Listed records Block Start

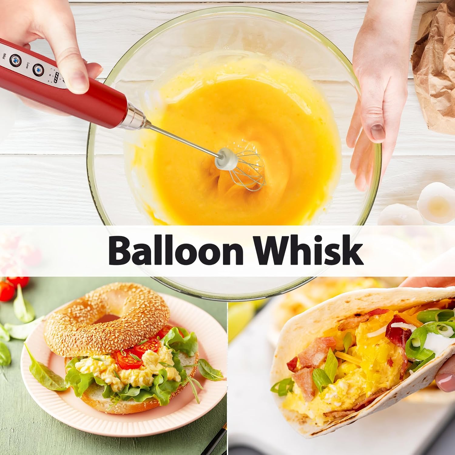 - 3 Whisks and 3 Speed Adjustable Frother : The matcha frother comes with 3 adjustable whisking speeds. SLOW SPEED for stirring egg yolks, powder drinks. MEDIUM SPEED for making jam, matcha tea. HIGH SPEED for milk or coffee froth, fluffy whipped cream, egg whites. Versatile 3 replaceable whisks: SPRING WHISK for creating milk and coffee froth, to make delicious drinks; BALLOON WHISK for mixing egg and whipping cream; HOOK WHISK for blending powders, making jam
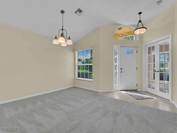 Golf course view single family home and is walking distance from Westminster Amenity center/country club. Recent updates include brand NEW carpeting (2025), hot water heater replaced in 2023, A/C unit replaced in 2022 and all appliances in 2022. The layout of this home is fantastic w/ den/home office off of the foyer w/ French door entry, volume ceilings, great room layout, split bedroom floor plan, spacious kitchen w/ lots of storage & countertop space, breakfast nook, formal dining area, and a large screened lanai. This home is ideal for seasonal or annual SWFL living! Westminster is a gated golf community situated right on the Fort Myers/Lehigh border, and it offers pay as you play golf, plus other wonderful amenities!
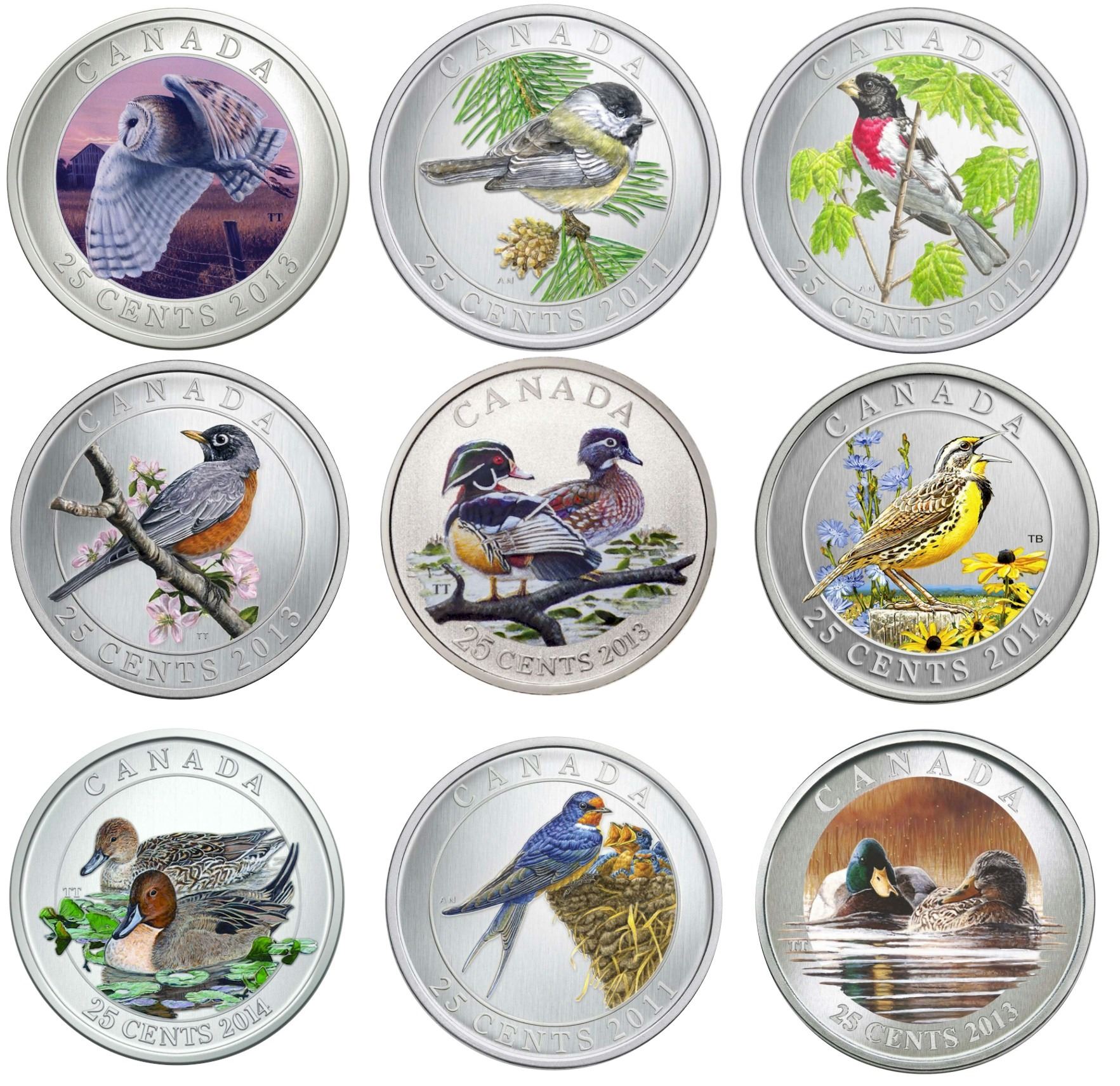 2011 25¢ Barn Swallow, Black Capped Chickadee, 2012 Rose Breasted Grosbeak, 2013 Wood Duck, Barn Owl, American Robin, Mallard, 2
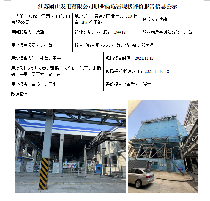 江苏阚山发电有限公司职业病危害现状评价报告信息公示
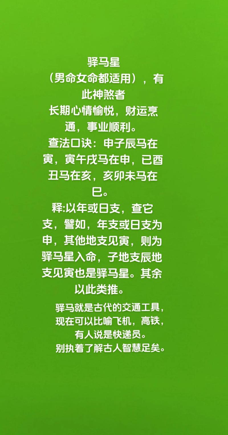 驿马星,在八字命理学中被视作动态之神,主迁徙、变动、奔波、出差、搬家以及职位调动、古语云:“马为走动之意”,在古代,马是主要的交通工具,因此命带驿马或岁运逢驿马,往往预示着生活环境或事业轨迹的重大转变。
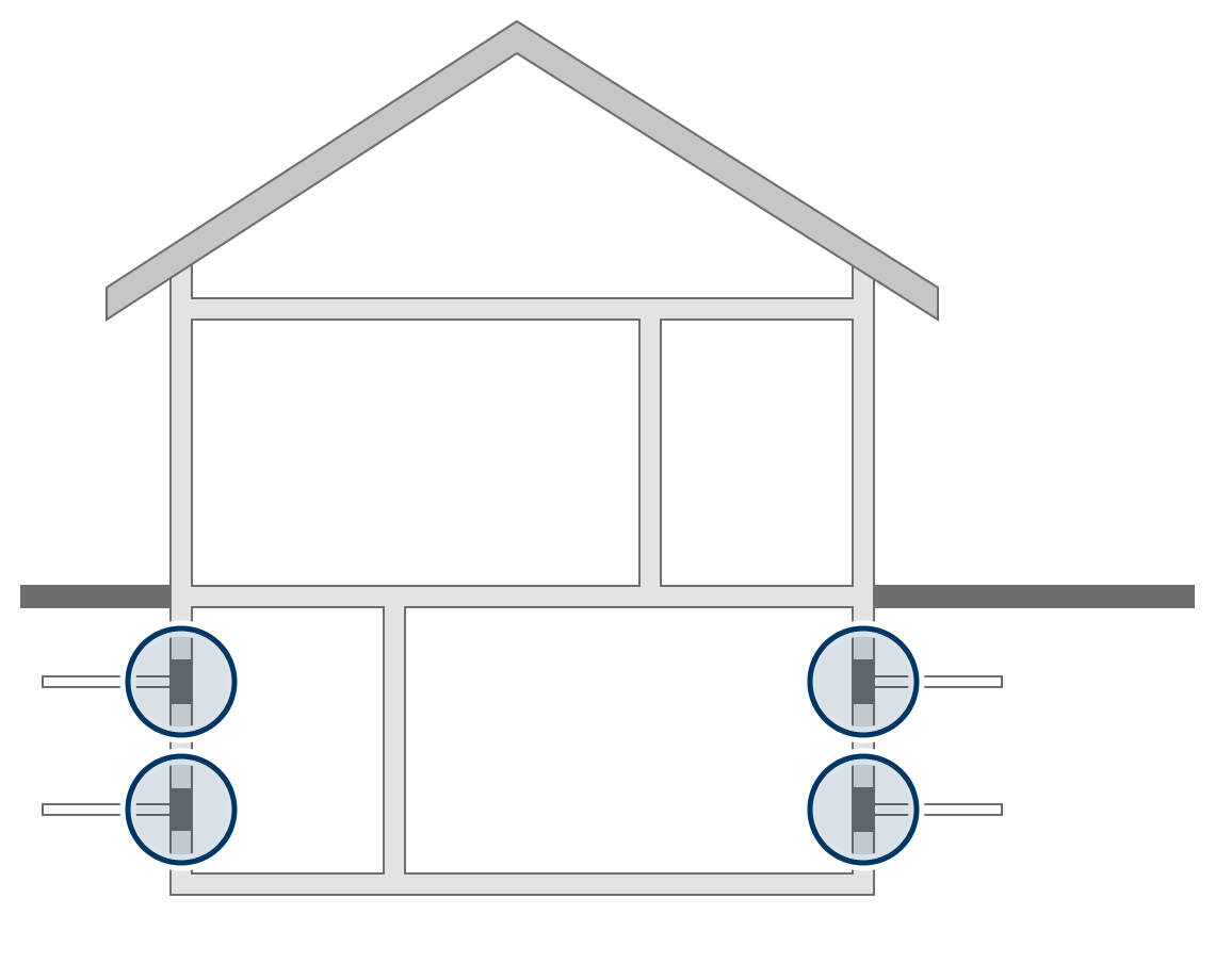 Allows sealing in all wall types thanks to the combination of a flange and 3-ribbed seals. For setting in concrete, closed on both sides ready for installation.
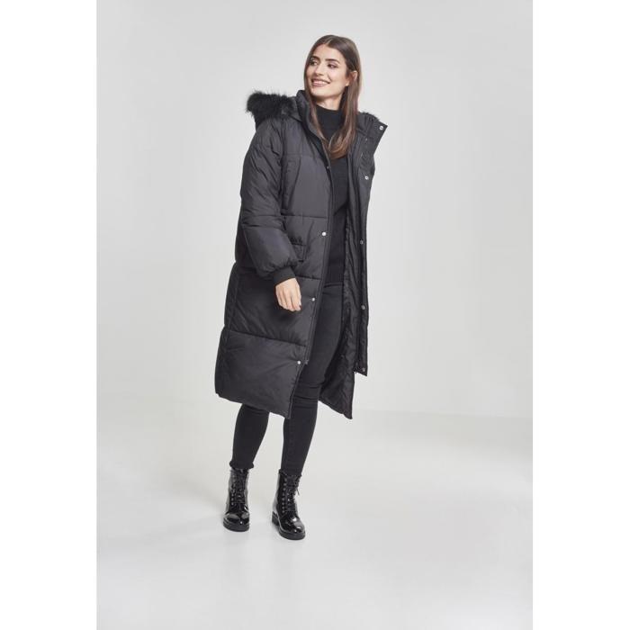 Women's Parka - Urban Classics - Faux Fur Puffer Coat - Long - Black - Comfortable and Stylish
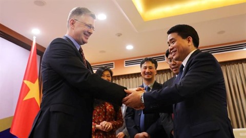 | Le président du Comité populaire de Hanoï, Nguyên Duc Chung (droite), et l'ambassadeur des États-Unis au Vietnam, Daniel Kritenbrink. |
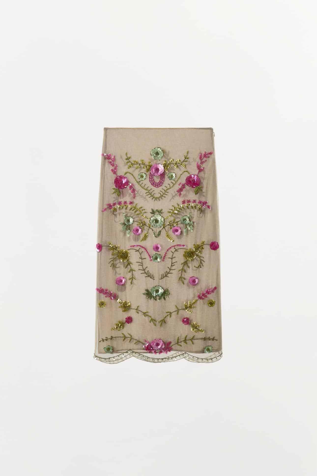 Είναι πολλά τα στοιχεία που κάνουν αυτή τη φούστα της Zara να ξεχωρίζει ως η πιο όμορφη. Η midi γραμμή της προσδίδει κομψότητα, το ύφασμα λεπτότητα και τα κεντήματα μια vintage αισθητική. Μας ενθουσιάζει επίσης ο χρωματικός συνδυασμός ανάμεσα στο ροζ και το τιρκουάζ.
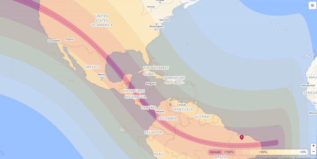 (អាមេរិក)៖ បាតុភូតសូរ្យគ្រាសចិញ្ចៀនភ្លើង ឬកងភ្លើង (Annular Solar Eclipse ឬ Eclipse Ring of Fire) នឹងកើតឡើងពីលើតំបន់អាមេរិកខាងជើង អាមេរិកកណ្តាល និងអាមេរិកខាងត្បូង នៅព្រឹកថ្ងៃទី១៤ ខែតុលា ឆ្នាំ២០២៣ (ម៉ោងនៅសហរដ្ឋអាមេរិក) ត្រូវនឹងពាក់កណ្តាលយប់ថ្ងៃដដែល (ម៉ោងនៅប្រទេសកម្ពុជា)។
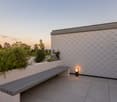 • Modern architecture building, 5 floors, balconies, greenery, sloped roof, windows, plants, outdoor seating
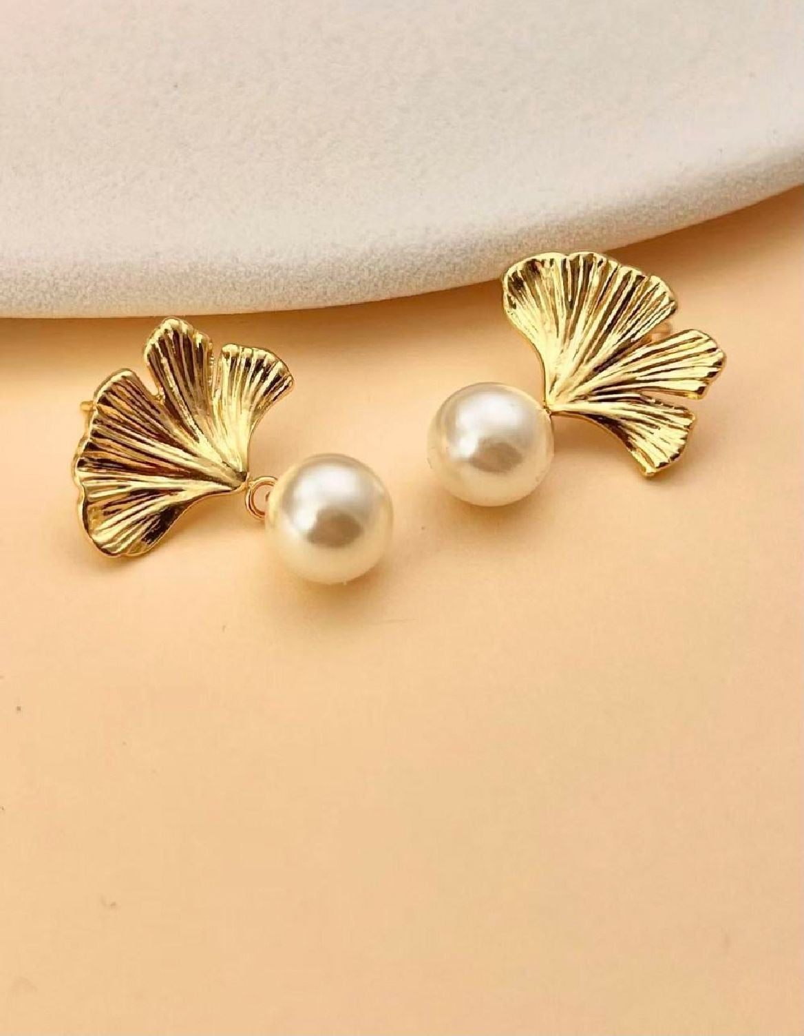 Σκουλαρίκια από χρυσό ανοξείδωτο ατσάλι σε σχήμα φύλλου ginkgo, διακοσμημένα με μαργαριτάρι. Ο εκλεπτυσμένος τους σχεδιασμός αντικατοπτρίζει τη λεπτότητα και τη δύναμη του ginkgo, συμβολίζοντας τη μακροζωία. Ελαφριά και λαμπερά, προσθέτουν μια ποιητική και διαχρονική πινελιά σε κάθε εμφάνιση, ιδανικά για σύγχρονες γυναίκες με ευαισθησία στην τέχνη.

Listed records Block End

_What to do_
Please transcribe every entry exactly as written, leaving the pictures out.

_Response below_
 - 3 Whisks and 3 Speed Adjustable Frother : The matcha frother comes with 3 adjustable whisking speeds. SLOW SPEED for stirring egg yolks, powder drinks. MEDIUM SPEED for making jam, matcha tea. HIGH SPEED for milk or coffee froth, fluffy whipped cream, egg whites. Versatile 3 replaceable whisks: SPRING WHISK for creating milk and coffee froth, to make delicious drinks; BALLOON WHISK for mixing egg and whipping cream; HOOK WHISK for blending powders, making jam
 Golf course view single family home and is walking distance from Westminster Amenity center/country club. Recent updates include brand NEW carpeting (2025), hot water heater replaced in 2023, A/C unit replaced in 2022 and all appliances in 2022. The layout of this home is fantastic w/ den/home office off of the foyer w/ French door entry, volume ceilings, great room layout, split bedroom floor plan, spacious kitchen w/ lots of storage & countertop space, breakfast nook, formal dining area, and a large screened lanai. This home is ideal for seasonal or annual SWFL living! Westminster is a gated golf community situated right on the Fort Myers/Lehigh border, and it offers pay as you play golf, plus other wonderful amenities!
 2011 25¢ Barn Swallow, Black Capped Chickadee, 2012 Rose Breasted Grosbeak, 2013 Wood Duck, Barn Owl, American Robin, Mallard, 2
 江苏阚山发电有限公司职业病危害现状评价报告信息公示
 驿马星,在八字命理学中被视作动态之神,主迁徙、变动、奔波、出差、搬家以及职位调动、古语云:“马为走动之意”,在古代,马是主要的交通工具,因此命带驿马或岁运逢驿马,往往预示着生活环境或事业轨迹的重大转变。
 Allows sealing in all wall types thanks to the combination of a flange and 3-ribbed seals. For setting in concrete, closed on both sides ready for installation.
 Women's Parka - Urban Classics - Faux Fur Puffer Coat - Long - Black - Comfortable and Stylish
 | Le président du Comité populaire de Hanoï, Nguyên Duc Chung (droite), et l'ambassadeur des États-Unis au Vietnam, Daniel Kritenbrink. |
 Είναι πολλά τα στοιχεία που κάνουν αυτή τη φούστα της Zara να ξεχωρίζει ως η πιο όμορφη. Η midi γραμμή της προσδίδει κομψότητα, το ύφασμα λεπτότητα και τα κεντήματα μια vintage αισθητική. Μας ενθουσιάζει επίσης ο χρωματικός συνδυασμός ανάμεσα στο ροζ και το τιρκουάζ.
 (អាមេរិក)៖ បាតុភូតសូរ្យគ្រាសចិញ្ចៀនភ្លើង ឬកងភ្លើង (Annular Solar Eclipse ឬ Eclipse Ring of Fire) នឹងកើតឡើងពីលើតំបន់អាមេរិកខាងជើង អាមេរិកកណ្តាល និងអាមេរិកខាងត្បូង នៅព្រឹកថ្ងៃទី១៤ ខែតុលា ឆ្នាំ២០២៣ (ម៉ោងនៅសហរដ្ឋអាមេរិក) ត្រូវនឹងពាក់កណ្តាលយប់ថ្ងៃដដែល (ម៉ោងនៅប្រទេសកម្ពុជា)។
 • Modern architecture building, 5 floors, balconies, greenery, sloped roof, windows, plants, outdoor seating
 Σκουλαρίκια από χρυσό ανοξείδωτο ατσάλι σε σχήμα φύλλου ginkgo, διακοσμημένα με μαργαριτάρι. Ο εκλεπτυσμένος τους σχεδιασμός αντικατοπτρίζει τη λεπτότητα και τη δύναμη του ginkgo, συμβολίζοντας τη μακροζωία. Ελαφριά και λαμπερά, προσθέτουν μια ποιητική και διαχρονική πινελιά σε κάθε εμφάνιση, ιδανικά για σύγχρονες γυναίκες με ευαισθησία στην τέχνη.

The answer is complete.